And then I started to wonder - does everyone see that?

The other thing I really don't like about the new Dynamic View format, is the SEARCH feature. Sometimes I want to find a post (or typically something I mentioned once but I don't know which post it's in!), and all it does is highlight the text, but I have to scroll down for an eternity to find it!

Do you hate it, too? Would you rather I revert back to a simpler format?

I may anyway, but I would love to hear feedback. Please cast your vote / post your opinions below (Comments).

Because the whole point of writing this blog is to SHARE information EASILY with YOU! And if it's not working, please say so!

Tuesday, May 8, 2012

The Hawkins' Maiden Voyage

Well, I'll say one thing for pressure cooking - it's exciting! Slightly scary the first time, too! Jets of hot steam that you cap (manually and bravely!) with a weighted regulator, bursts of steam periodically from the vent (it sounds like a locomotive, which runs on steam after all!), and then the short-cut depressurizing by lifting the little stop-cock vent weight regulator with the end of a spoon or a fork . . . at which point all the steam comes hissing out right next to your fingers!

Only my fingers didn't get burned, but my thumb did. I (wrongly) assumed that the regulator would have cooled enough to handle it with my well-seasoned fingers after the entire lid had sat out cooling for a minute or so. Yee-ouch. It stays QUITE hot for quite some time!

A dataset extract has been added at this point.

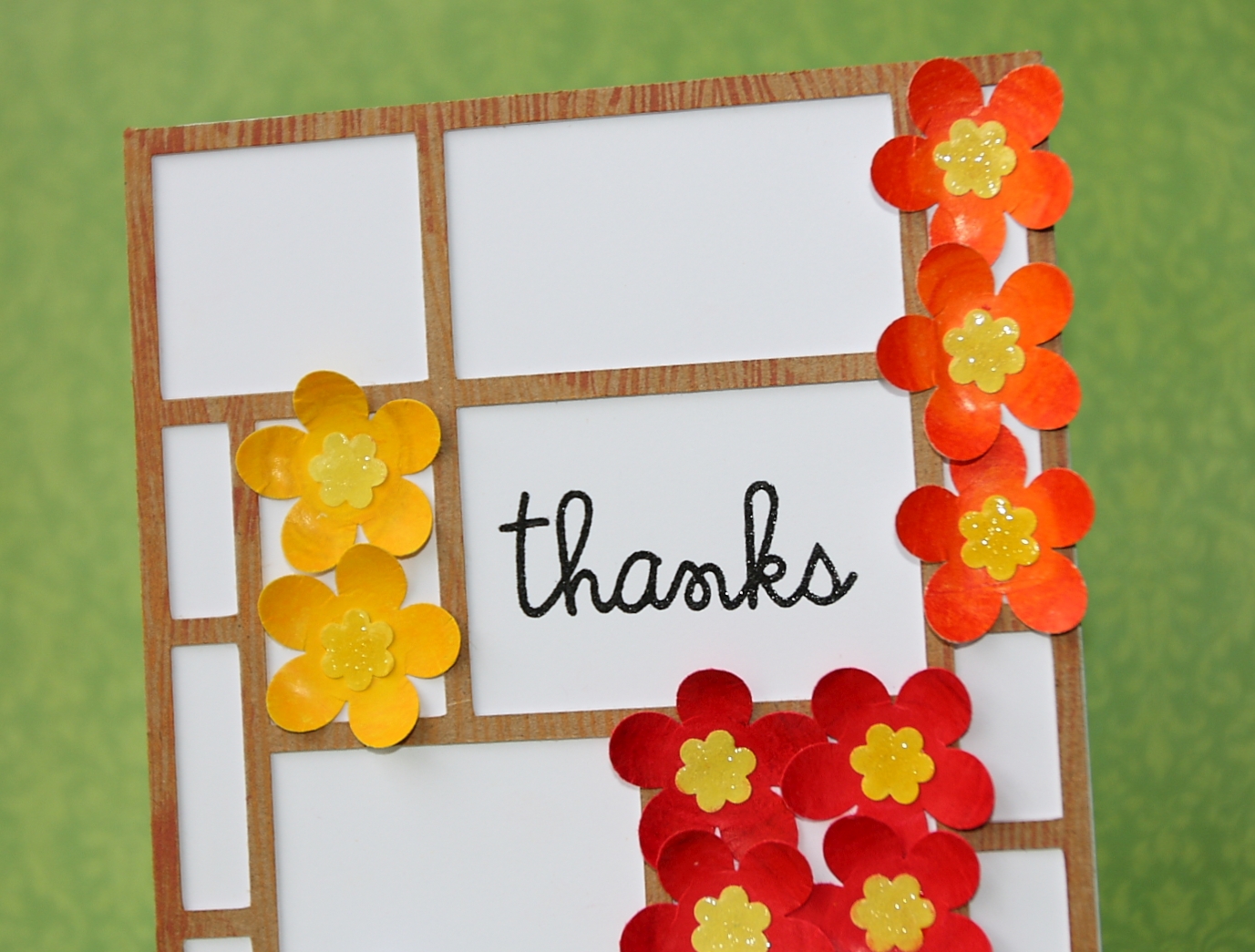 At first I made a cutting file using the sketch as it is for the look of an wooden lattice, cut it with Cricut three times in white cardstock and cut once in kraft cardstock. I stamped woodgrain pattern on the kraft lattice in brown. The sentiment is stamped on the card base in black and clear heat embossed. I adhered the lattice in layer for some dimension on the card base. I then punched flowers out of a cardstock which I colored using colored pencils, curled up the petals and glued them on the card as shown in the picture. I chose orange instead of green from the sketch at HLS. I added glossy accents on the center of the flowers for some shine :).

The manual didn't warn about that (it covered everything else in great detail, so I'm not complaining!), so I will:

When removing the vent weight from the lid (long after you've removed the lid from the pot!), either wait for a long while for the metal to cool, or use an oven mitt/cloth because it gets, perhaps unsurprisingly, quite hot from having pressurized steam flowing out of it!

WARNING: this weight vent pressure regulator gets HOT HOT HOT!

And I suppose that this is why there should be a trial run! I'm learning, oh how I'm learning! One surprising minute after the next!

Here's a little slideshow of the steps involved:

Element set on "high"; contains 2 cups tap water + 1 tsp lime juice.

Steam at first spurts, then steadily blows out of the vent.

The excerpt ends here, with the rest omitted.